Produksi Minyak dan Gas Amerika Serikat Akan Memecahkan Rekor pada Tahun 2023 di Tengah Tantangan Tujuan Iklim PBB

Amerika Serikat diproyeksikan akan mengekstraksi 12,9 juta barel minyak mentah ketika negara-negara di COP28 mendorong penghentian bahan bakar fosil yang telah disepakati.

Liputan6.com, Jakarta - Amerika Serikat (AS) dilaporkan mengekstrasi lebih banyak minyak dan gas pada 2023, tahun paling panas yang pernah tercatat.

Hal tersebut menjadi latar belakang yang menakutkan bagi perundingan penting PBB tentang perubahan iklim, yang berharap untuk mengakhiri era penggunaan bahan bakar fosil.
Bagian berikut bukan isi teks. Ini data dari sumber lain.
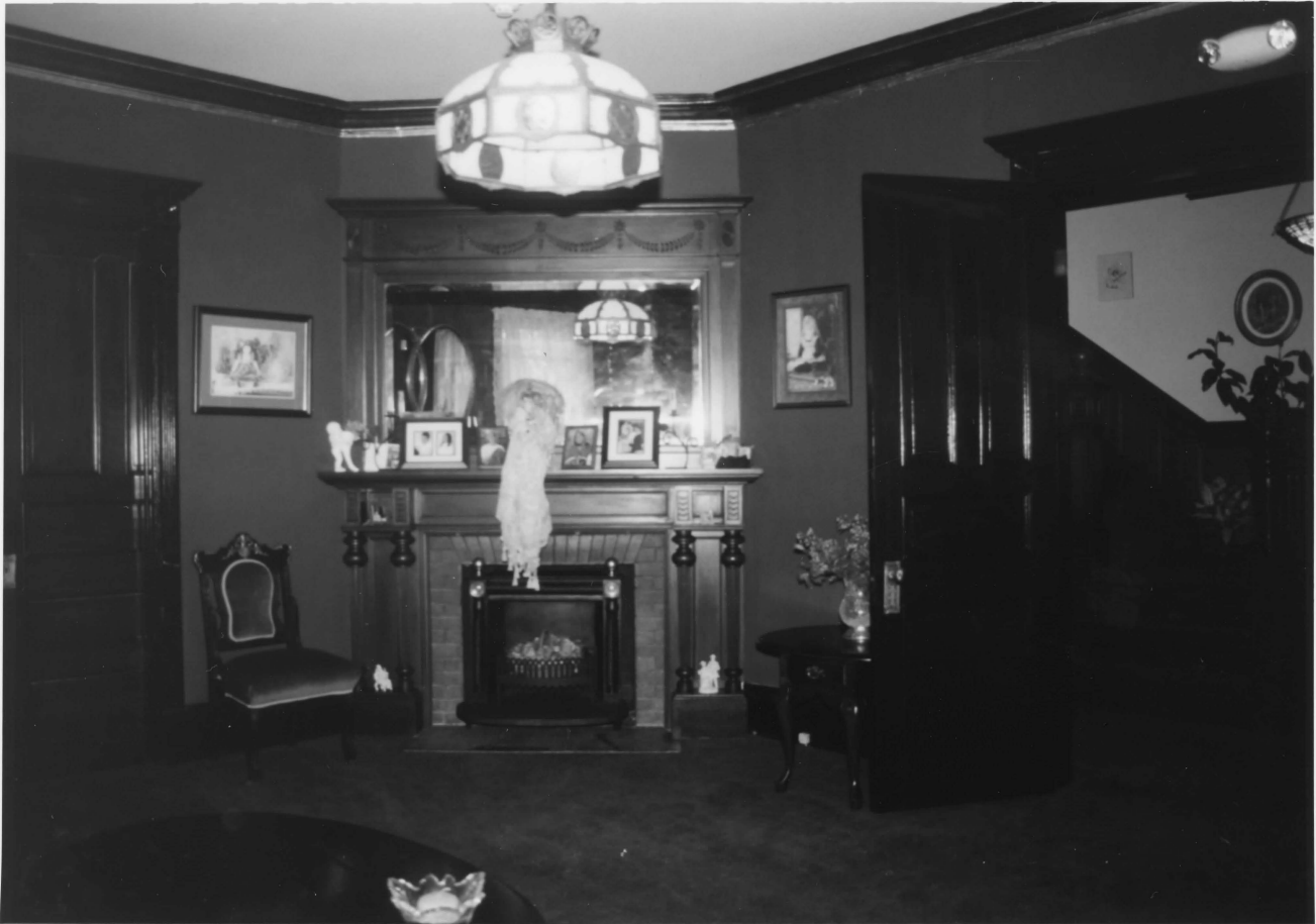
MOODY MANSION ; KENNEBEC CO., ME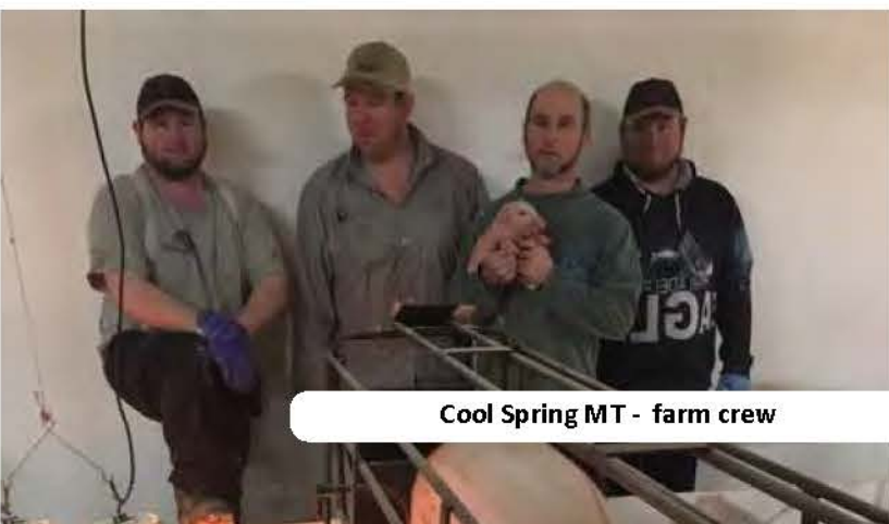
Cool Spring MT - farm crew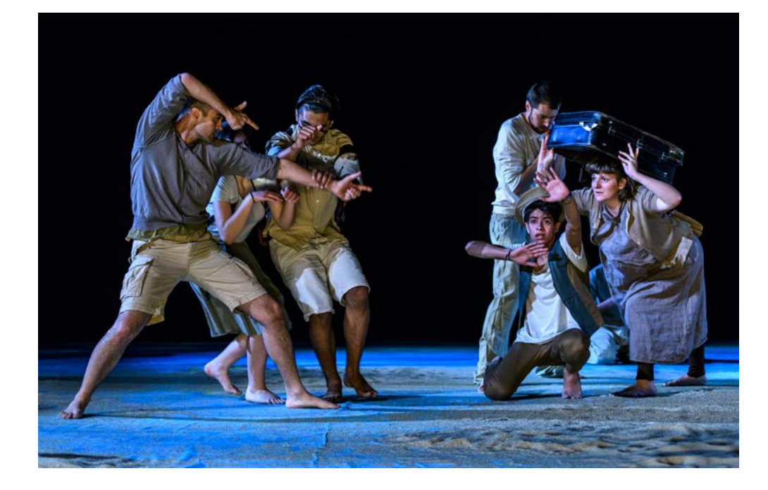
Refugees preforming a play in Greece

The OECD has been working on key indicators for identified action tools and relevant practices from a sample of 72 EU cities.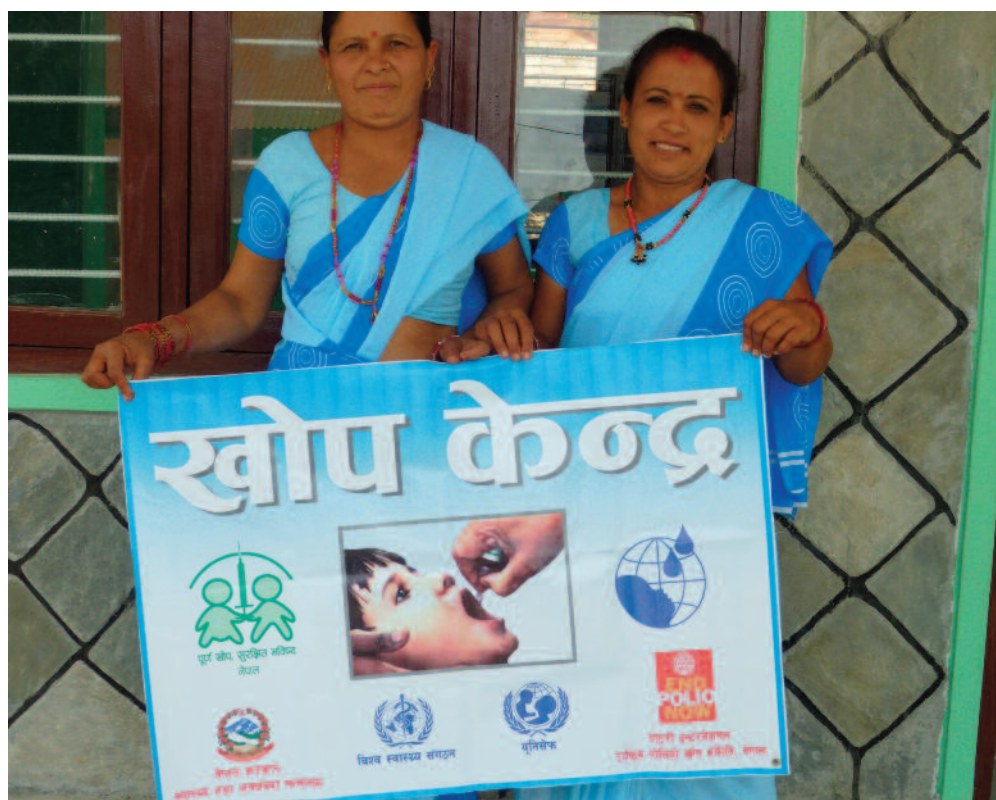
FCHVs holding the National polio immunisation day poster.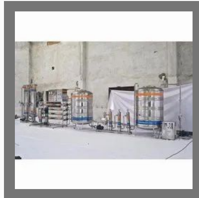
SS ISI RO Plant 2000 LPH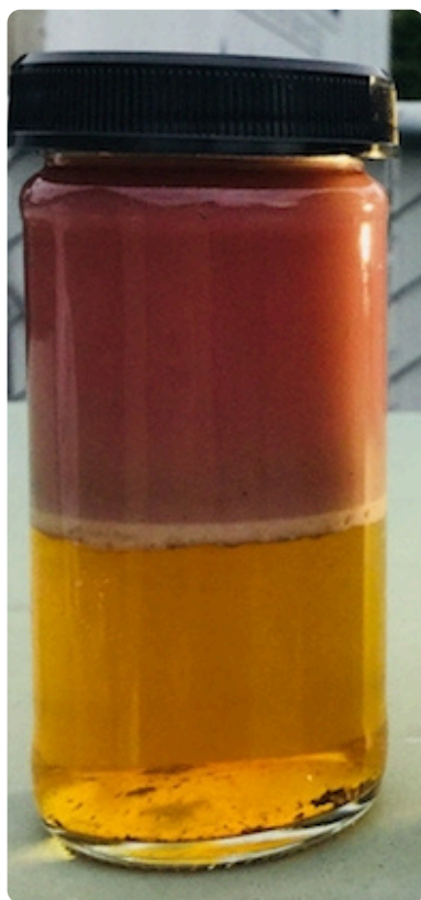
Diesel sample before service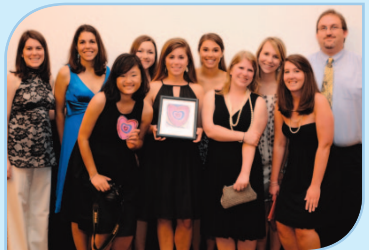
Birmingham Southern College students awarded Volunteers of the Year

To everyone who played a role in making the Gala such a success...we thank you so much. Let's do it again next year: May 1, 2010.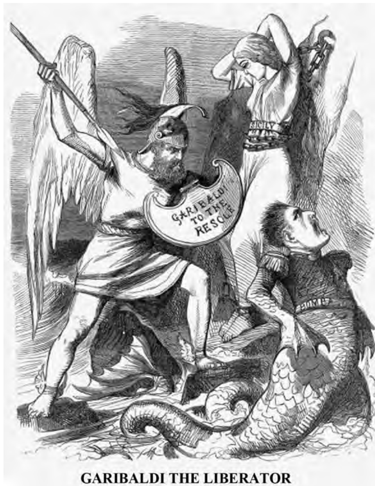
A British cartoon published on 16 June 1860. The sea monster represents the Bourbon monarchy.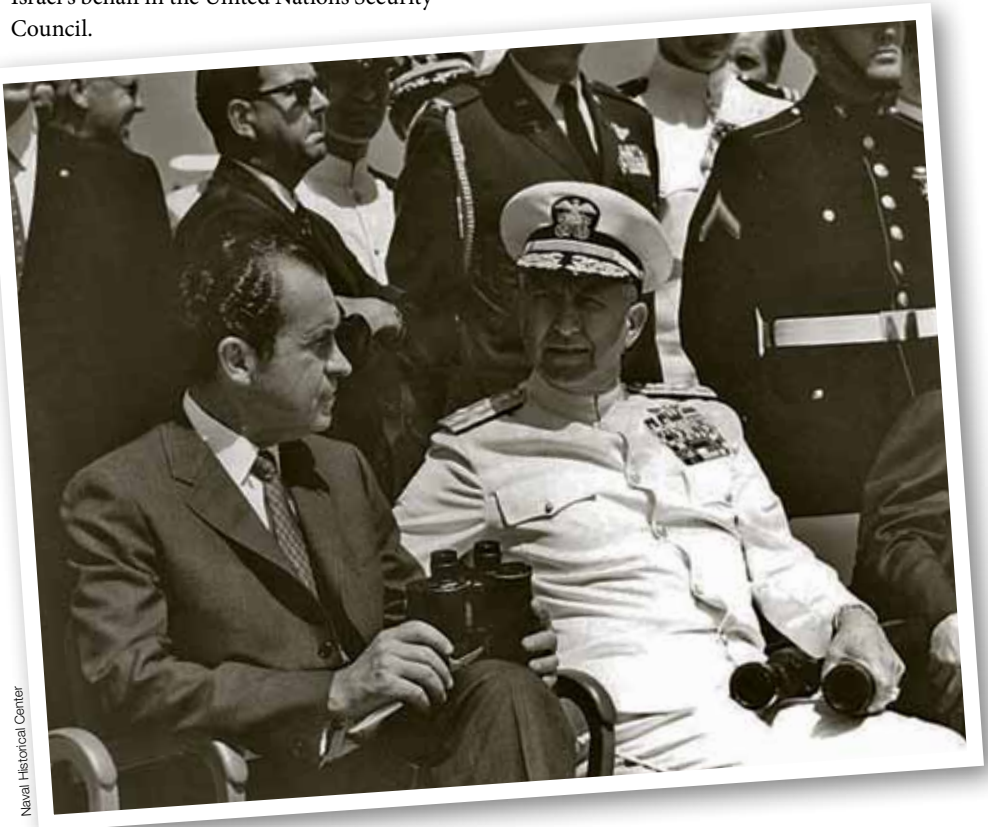
President Nixon with Admiral Thomas H. Moorer, Chairman of the Joint Chiefs of Staff, aboard USS Saratoga prior to deployment to Mediterranean Sea

We have and will continue to make clear to the Soviets our support for Israel's security and integrity and its right to live within defensible borders. In the present crisis, the U.S. has augmented the Sixth Fleet; it has also taken other readiness measures. These clearly imply a decision not to permit Soviet intervention in the conditions under discussion. As for specific measures the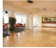
Chatsworth Lounge Toorak Hotel

Status AS sebagai produsen terkemuka minyak dan gas semakin meningkat pada tahun ini, meskipun Joe Biden telah memperingatkan tentang krisis iklim yang sedang terjadi. Perkiraan pemerintah federal menunjukkan rekor produksi minyak mentah sebesar 12,9 juta barel pada tahun 2023, melebihi lebih dari dua kali lipat dari produksi 10 tahun sebelumnya.

Melansir dari The Guardian, Senin (18/12/2023), tahun ini rekor produksi gas juga akan terpecahkan karena banyaknya terminal ekspor baru di pantai Teluk Meksiko. Hal tersebut memungkinkan lonjakan ekspor gas alam cair (LNG) AS untuk meningkat dua kali lipat dalam empat tahun mendatang.

Menariknya, pemerintah AS memperkirakan bahwa hiruk-pikuk produksi minyak dan gas akan terus berlanjut mendekati level rekor hingga tahun 2050.

Namun, pada titik tersebut, para ilmuwan mengatakan bahwa emisi yang menyebabkan pemanasan global harus dihentikan agar kerusakan iklim yang parah dapat dihindari. Sebuah laporan terbaru menemukan bahwa sekitar sepertiga dari rencana ekspansi minyak dan gas di seluruh dunia dalam periode ini akan terjadi di Amerika Serikat.

* Follow Official WhatsApp Channel Liputan6.com untuk mendapatkan berita-berita terkini dengan mengklik tautan ini.

2 dari 7 halaman

Tinjauan KTT Iklim COP28 di Dubai

Pada KTT Iklim COP28 yang dimulai di Dubai awal Desember, Uni Eropa dan sejumlah negara yang memiliki ambisi tinggi mulai dari Kenya hingga Samoa berupaya mendorong untuk sepakat menghentikan penggunaan bahan bakar fosil. Meski pada akhirnya yang disepakat adalah transisi energi dari bahan bakar fosil.

Menurut Antonio Guterres, Sekretaris Jenderal PBB, produksi bahan bakar fosil menjadi "akar beracun" dari krisis iklim yang harus diatasi. Guterres menyatakan bahwa COP28 perlu secara jelas menunjukkan bahwa era bahan bakar fosil telah berakhir, dan bahwa hal tersebut tidak dapat dielakkan.

Namun, lonjakan produksi bahan bakar fosil di AS melemahkan tujuan tersebut.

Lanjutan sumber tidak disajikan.